Now, how is that for an eye-catching, appealing title!! Not so much, huh? But that is where I was all day yesterday with a friend whose mother is in critical condition.
What yesterday did for me was to take me back a few months to the whole dying process of my mother I experienced. I don't know if that happens to all families, but I am seeing a deja vu sort of happening with me. What I observed was the damage of expectations. When a loved one is in the dying process several things happen among family members, not the least of which are expectations. Some are perceived and others are real. But in either case, expectations are imprisoning.
Expectations: I need to be sitting up there every minute......just in case. My family will think I don't care if I go ahead and go to CO to take care of my grandchildren as promised. I haven't been there to visit her often enough.
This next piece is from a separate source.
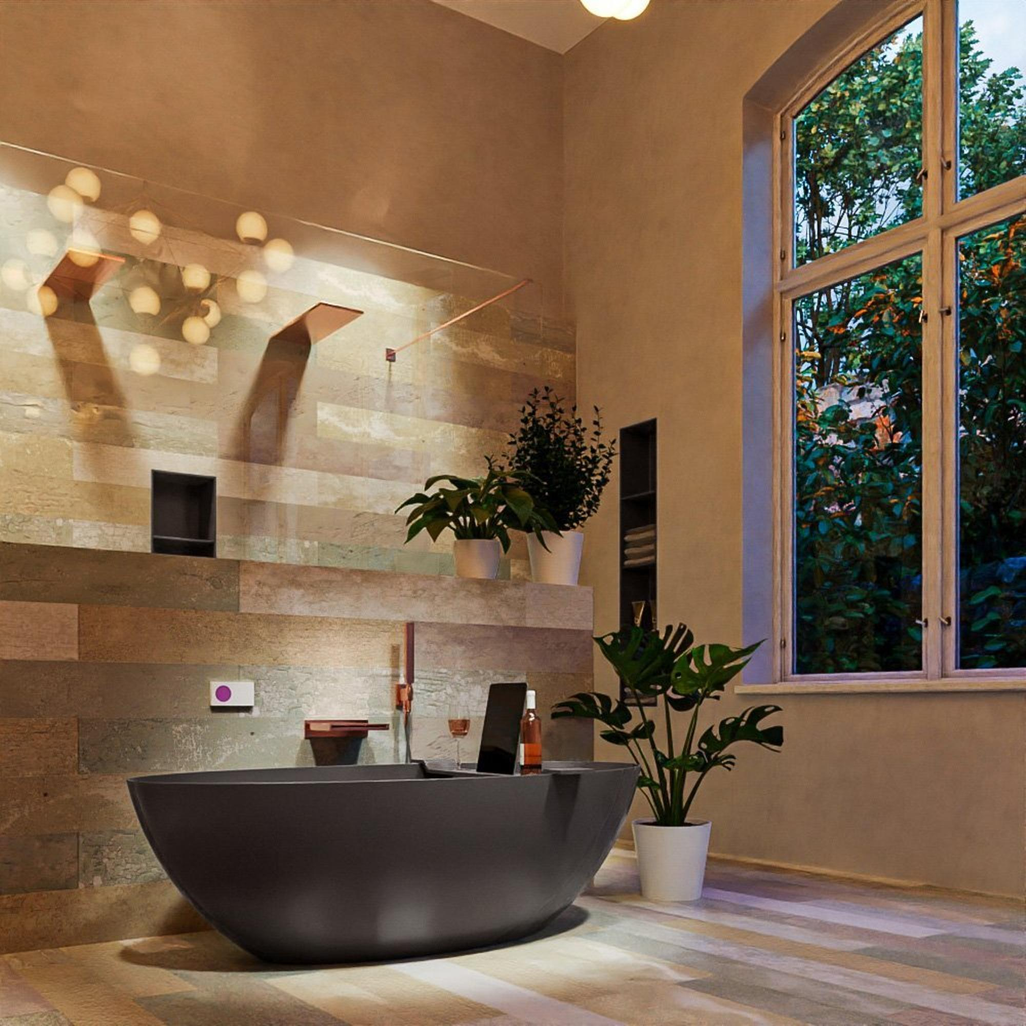 Couleur dark grey mate pour une salle de bains design et luxueuse

I need to call so and so. I shouldn't be so vulnerable and say how I am really feeling about all of this. ............and the list goes on and on.
When I was having to make a hard decision about going out of town when Mother was so gravely ill, I asked one of the doctors what he thought about it. He said, "Go! You have to keep living with the living and do what God has called you to do. No man knows if she will die in 1 hour, 1 day, 1 month, but most likely not in 1 year. So, Go." Then he reminded me of what Jesus said to a 'would-be' follower of His. Let the dead bury the dead!! That was such wise counsel. I have been able to share that with others who are caring for their elderly parents. (I do not mean to imply that my other siblings, etc. were the dead and were to bury her, but I took from that the wisdom to follow what God was telling me to do, which was minister to the living who needed me at that time.)
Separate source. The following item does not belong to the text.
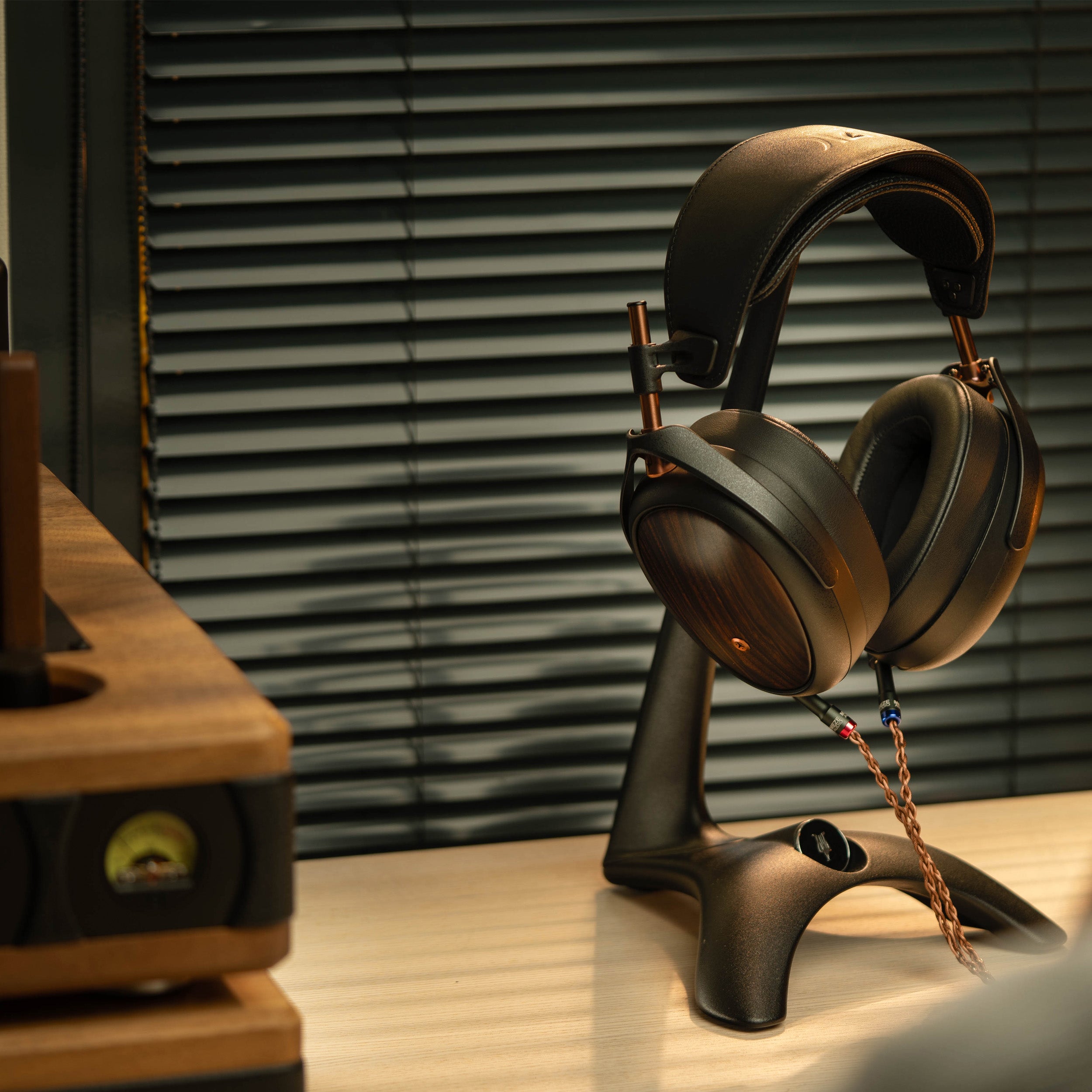 En kombination af læder, metal og træ – modstandsdygtig mod slid, chok og oxidation. Let, fleksibel og designet til lange lytteperioder.

And in His perfect timing, she did die when I was on vacation in Jackson Hole, WY with my husband and our precious, godly friends who were of such a great help to me. I was actually able to complete our time there, fly home and be here for her funeral the next day. It was such a good thing that we had made her arrangements over three years before when Daddy was in the dying process, after we made his arrangements with the funeral director.
So, I suppose my final thoughts (at least for right now) are: 1) Kill expectations. Or, at the very least, give them to God. Psa 62:5 - My expectations are in the LORD and in Him only do I hope. 2) Save yourself (or more importantly, your loved ones) a lot of grief and plan ahead for your death. One out of one dies!! Make your burial/funeral arrangements now!! (I have no stock in any funeral home, by the way. This is not a commercial.)
3 comments:
Hello,
It was good to hear from you. It has been a long time! I could not agree more with your entry today. Expectations can be soooo dangerous, especially the unrealistic ones I place on myself at times... (why can't I keep a perfect house with three BOYS..) Thanks for the good reminder.
In Him,
Connie
expectations are imprisoning
This is a brilliant statement. Quotable, for sure!!!
agree with rachel's comment on your brilliant statement. expectations, which most often are unspoken, lead to passive aggresion and this is so unhealthy. some expectations can be healthy, but they must be coupled with good communication, don't you think?
what wise words on death and dying, too. appreciate your transparency.